Here's an answer I've just made. Can any munster or sequester comment on the finiteness or otherwise of A064233 ? Best to all, R. ---------- Forwarded message ---------- Date: Wed, 30 Mar 2005 13:07:06 -0700 (MST) From: Richard Guy <rkg@cpsc.ucalgary.ca> To: Althoefer <320045884400-0001@t-online.de> Cc: Richard Guy <rkg@cpsc.ucalgary.ca> Subject: Re: Sums of Primes and Squares I'm not sure if I can be of much help. A19 of UPINT doesn't quite cover it. But let me tackle (ii):- If m^2 = n^2 + p, then necessarily n = m-1 and p = 2m-1 so all numbers [(p+1)/2]^2 are expressible as [(p-1)/2]^2 + p. On the other hand, if m is not of the form (p+1)/2 then m^2 is not equal to r^2 + p for any r, because p = m^2 - r^2 = (m-r)(m+r) requires m-r = 1 and then p = m+r = 2m-1 which we've assumed to be false. So the squares of 5, 8, 11, 13, 14, 17, 18, 20, 23, 25, 26, 28, 29, ... are not the sum of a square and a prime. I.e., almost all squares aren't. As for (i), sequence A064233 doesn't give any references, but I'd guess that the sequence is as likely to be infinite as finite -- good question which may find its way into future editions of UPINT. The answer for (iii) is presumably the same as that for (i). Let me know if you learn more. R. ID Number: A064233 URL: http://www.research.att.com/projects/OEIS?Anum=A064233 Sequence: 1,2,5,10,13,25,31,34,37,58,61,64,85,91,121,127,130,169,196, 214,226,289,324,370,379,400,439,526,529,571,625,676,706,730, 771,784,829,841,991,1024,1089,1225,1255,1351,1414,1444,1521, 1549,1681,1849,1906,1936,2116 Name: Numbers which are not the sum of a prime number and a nonzero square. Example: 5 = 1+4 or 2+3; a prime and a square do not appear together in either sum Math'ca: Complement[ Table[ n, {n, 1, 10000} ], Union[ Flatten[ Table[ Prime[ i ] + j^2, {i, 1, 1230}, {j, 1, 100} ] ] ] ] See also: Adjacent sequences: A064230 A064231 A064232 this_sequence A064234 A064235 A064236 Sequence in context: A003654 A047617 A018571 this_sequence A051952 A103188 A064392 Keywords: easy,nonn,nice Offset: 0 Author(s): Axel Harvey (axe(AT)cam.org), Sep 22 2001 Extension: More terms from Vladeta Jovovic (vladeta(AT)Eunet.yu), Robert G. Wilson v (rgwv(AT)rgwv.com) and Felice Russo (felice.russo(AT)katamail.com), Sep 23 2001 On Wed, 30 Mar 2005, Althoefer wrote:

Dear Prof. Guy,

can you please tell me, what is known about the following questions:

(i) Are there infinitely many natural numbers which are NOT the sum of a prime and a square? (For instance, 130 is such a number; 129=113+16 is not.)
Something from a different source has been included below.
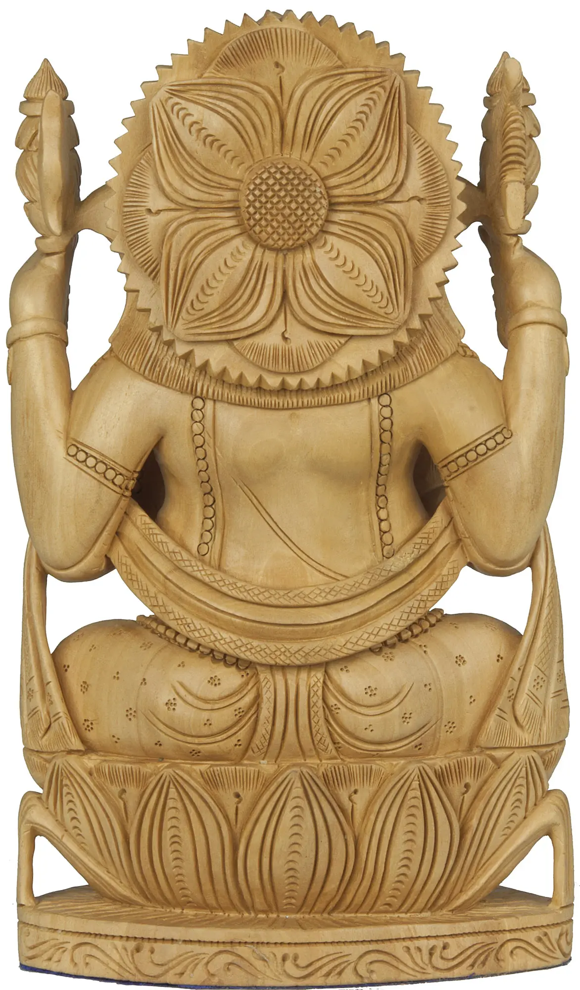 This exquisite sculpture originates from the city of Jaipur, Rajasthan, a region renowned for its rich artistic heritage and skilled craftsmanship. Passed down through generations, the art of wood carving in Jaipur is celebrated for its intricate detailing and devotion to traditional motifs. Each curve, line, and embellishment is a testament to the artisan's expertise and dedication. This handcrafted piece carries the legacy of Jaipur's artistic traditions, bringing a touch of Indian cultural heritage into your home. The choice of Kadamba wood, known for its smooth texture and suitability for carving, further enhances the sculpture's aesthetic appeal and ensures its longevity.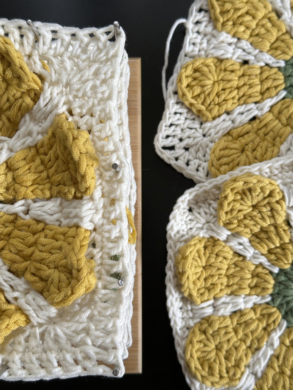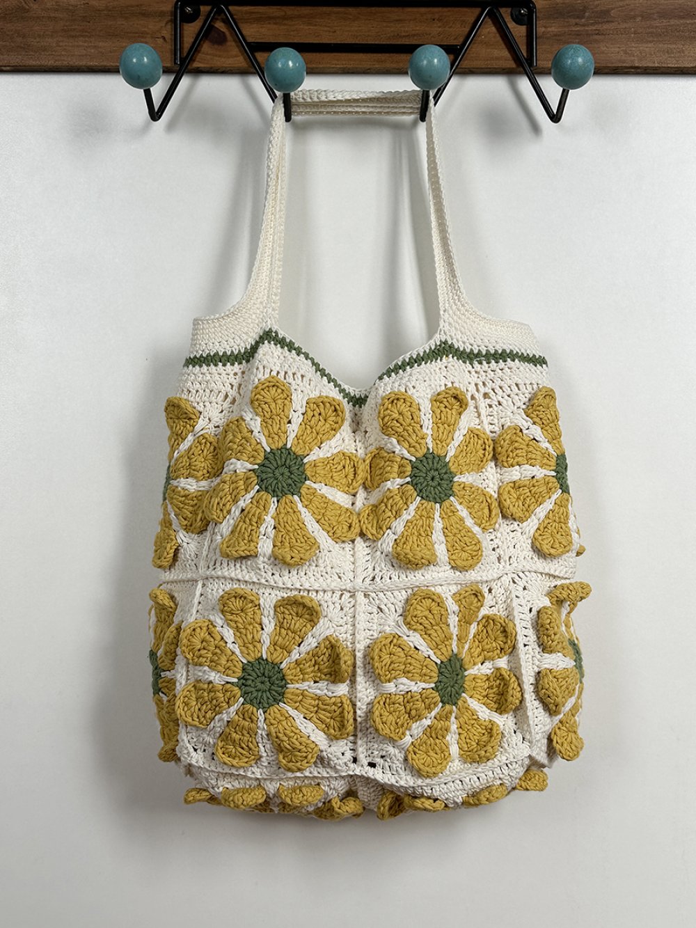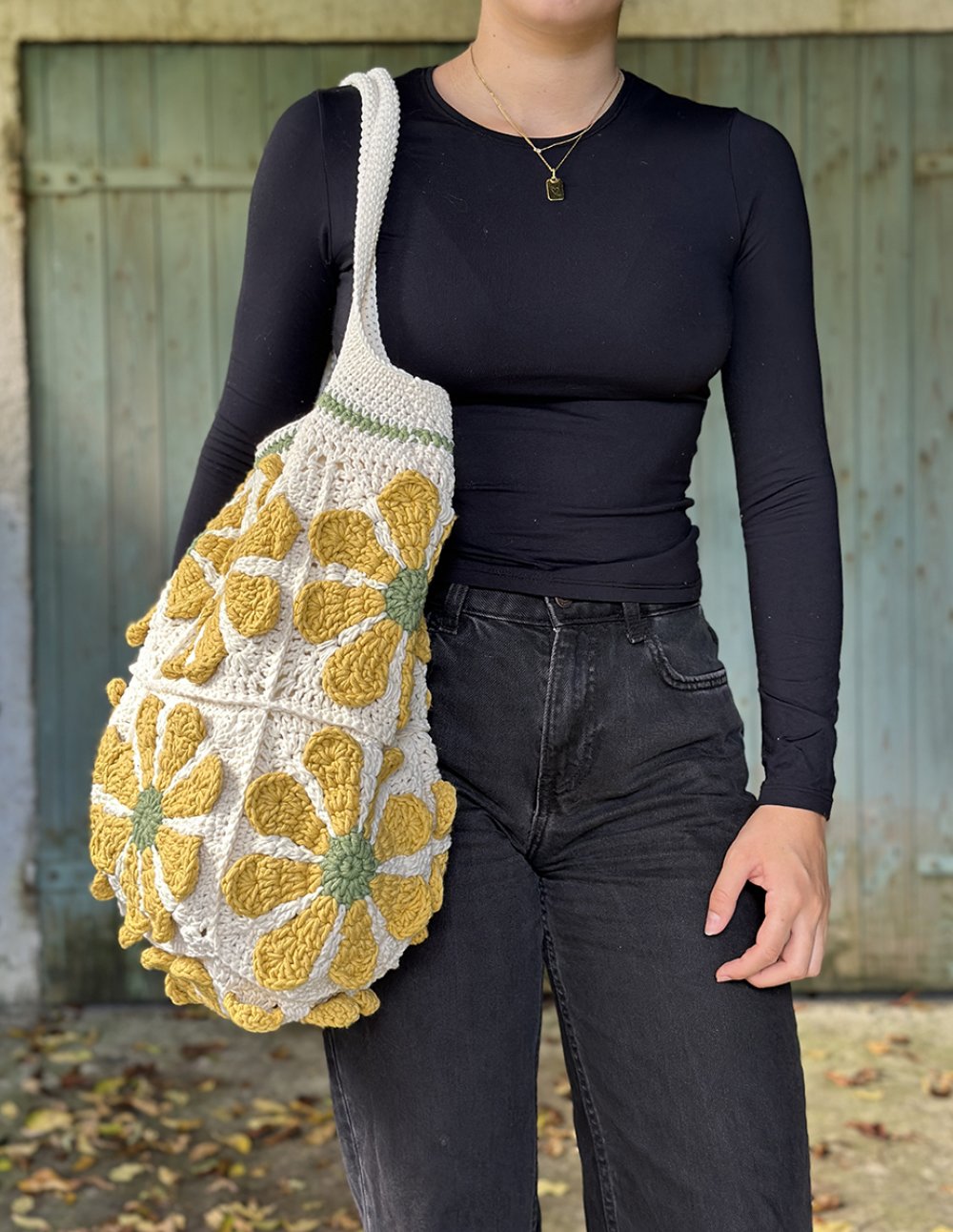 Sac grand format au crochet carré granny fleur dans un style vintage et bohème, écru et jaune, idée cadeau pour femme

(ii) Are there infinitely many squares of natural numbers which are NOT the sum of a prime and a square? (For instance, 625 is such a number.)

(iii) Are there infinitely many natural numbers, which are both not squares numbers and not the sum of a prime and a square?

My conjecture is that all three answers should be NO.

Thanks in advance for your reply. Sincerely yours, Ingo Althofer.